Many of the things I did during this trip were not on the same lane that I usually travel, or at least not on the same lane that I’ve been traveling like for the past 10 years. I realized all ages surfers travel this way: not knowing what to expect, not knowing were to stay, not knowing what will happen tomorrow, sometimes completely off the grill, cause they live the waves exactly as they come and they enjoy them EXACTLY as they come, but above all, as if this good waves were exactly the last good ones they will see for the rest of the season.

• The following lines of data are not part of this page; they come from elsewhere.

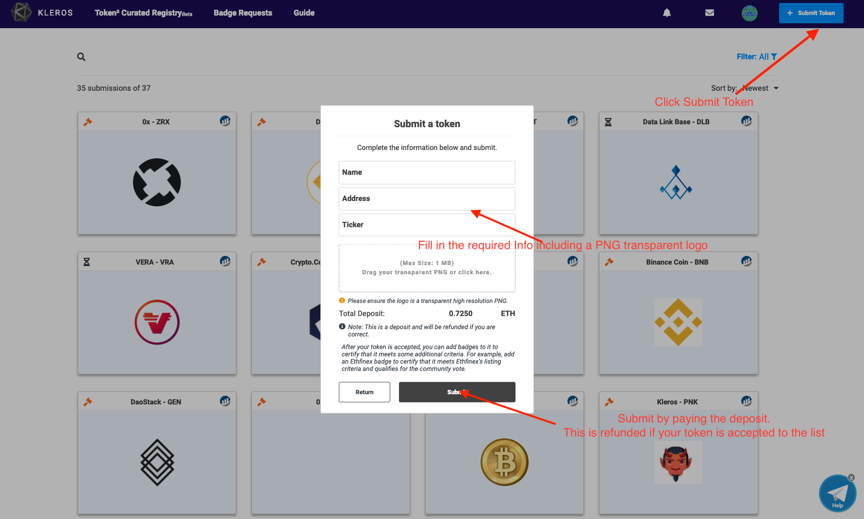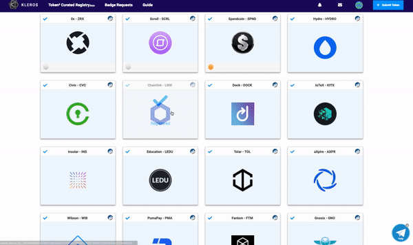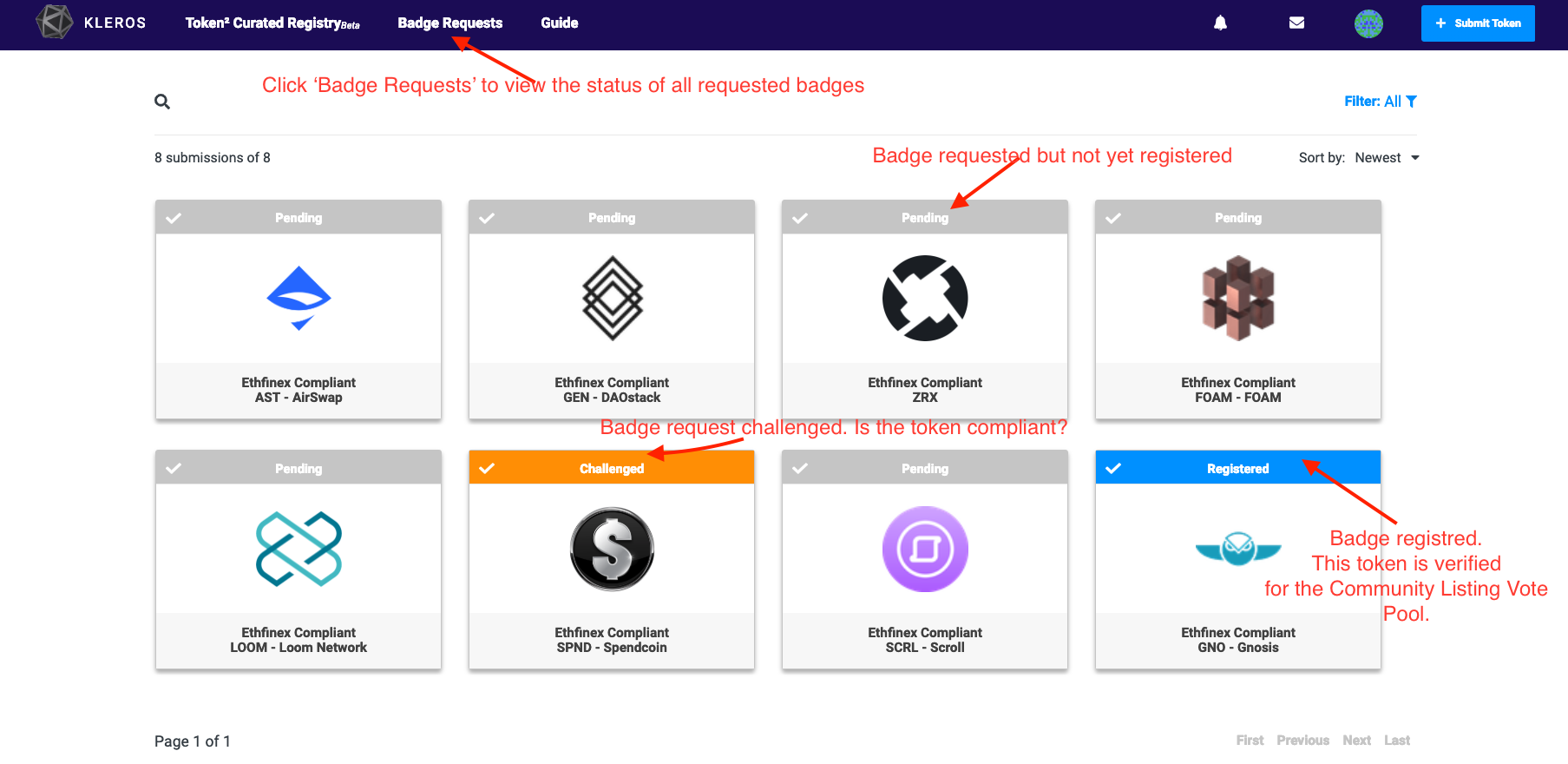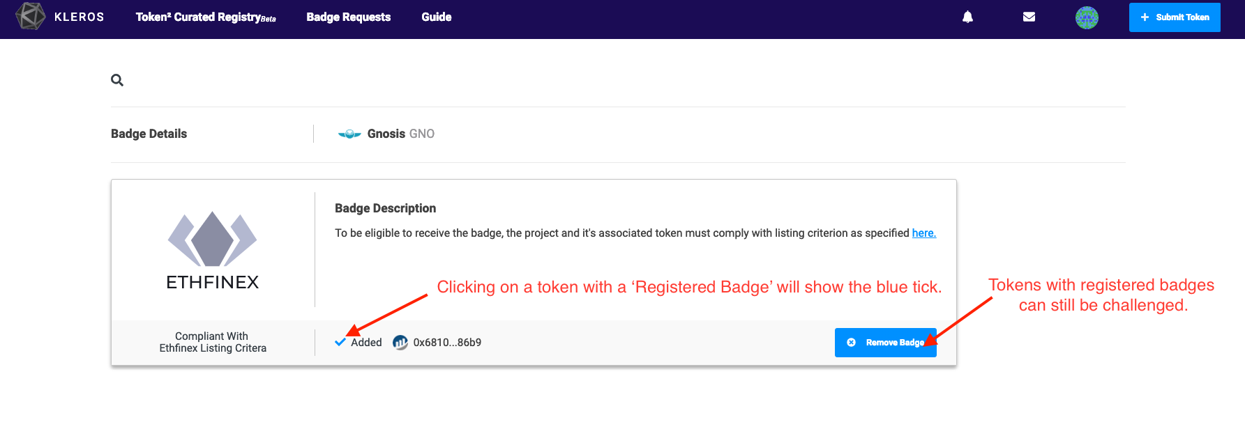 As you can see above, the token has been accepted to the list (stage one) but doesn't yet have a valid badge. To add a badge, follow the steps in the animated Gif above.
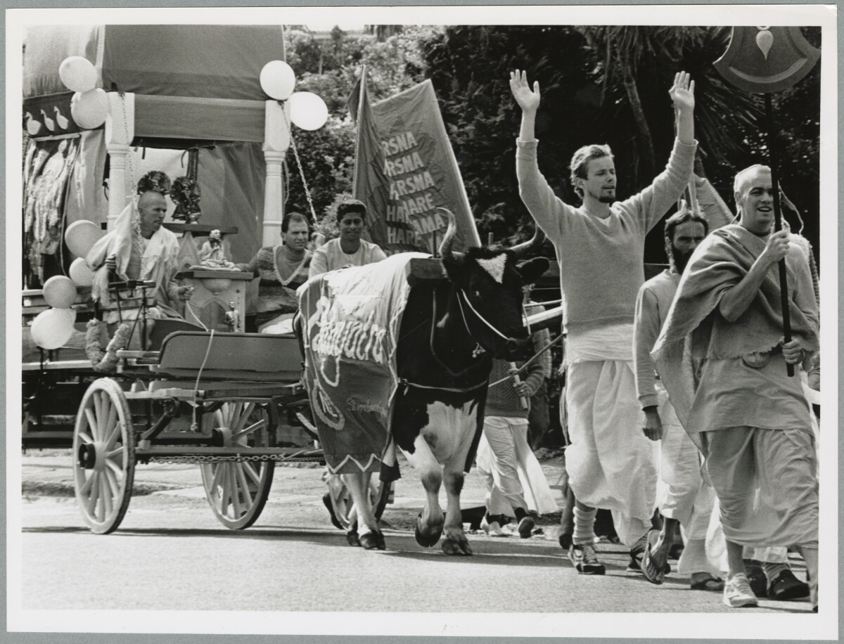 Hare Krishna followers on Bealey Avenue as part of a peace festival parade touring the South Island. A chariot pulled by bullocks is at the back of the parade.
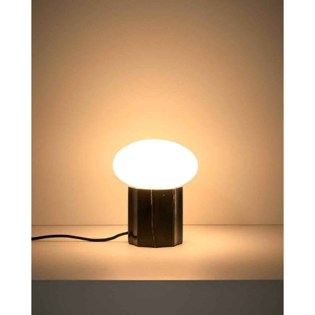 Stolová lampa IDELA kombinuje dymové sklo a mramor, dva materiály, ktoré poskytujú kontrast a pevnosť. Mramor má variácie zrna a tónu, vďaka ktorým je každý kúsok jedinečný. Tienidlo rozptyľuje svetlo mäkkým a rovnomerným spôsobom a vytvára osvetlenie navrhnuté tak, aby poskytovalo priestor teplo. Idela môže byť pridaná ako svetelný bod v obývačkách, jedálňach alebo čitárňach. Dá sa kombinovať so zvyškom kolekcie. Kompatibilný so žiarovkou E14 max. 40W nie je súčasťou balenia.

So they get up extremely early in the morning for a surf at 5-6 am, and they get back to their accommodations as soon as the body cannot deal with the hunger any more, they have a small breakfast that they usually prepare themselves, and wait till they are ready again to get the GOOD WAVES. A visit to the ocean 2 or 3 times a day sounds about right for them.

I realized that they live life to the fullest each day, day by day. Falling from the wave, getting up again and again till they can ride it and then they paddle again, they walk again, and jump into the water again, and again and again, and again.

Most of this people work hard a regular job that they squeeeeeze till the last breath so they’ll have money to travel and surf to wherever the waves take them. I thought I traveled a lot, but damn you should talk to this people, not a single one of them has an empty passport, dozens of countries visited, for the GOOD WAVES, some of them speak many languages including the crazy surf lingo that it is absolutely imposible to understand if you are not into surfing, as well as a set of crazy rules in the water that everyone talks about cause they are always broken by a few, and also, an endless list of nationalities blend in the water, a cornucopia of languages is spoken in and outside of it, and in there every man and girl paddles for itself.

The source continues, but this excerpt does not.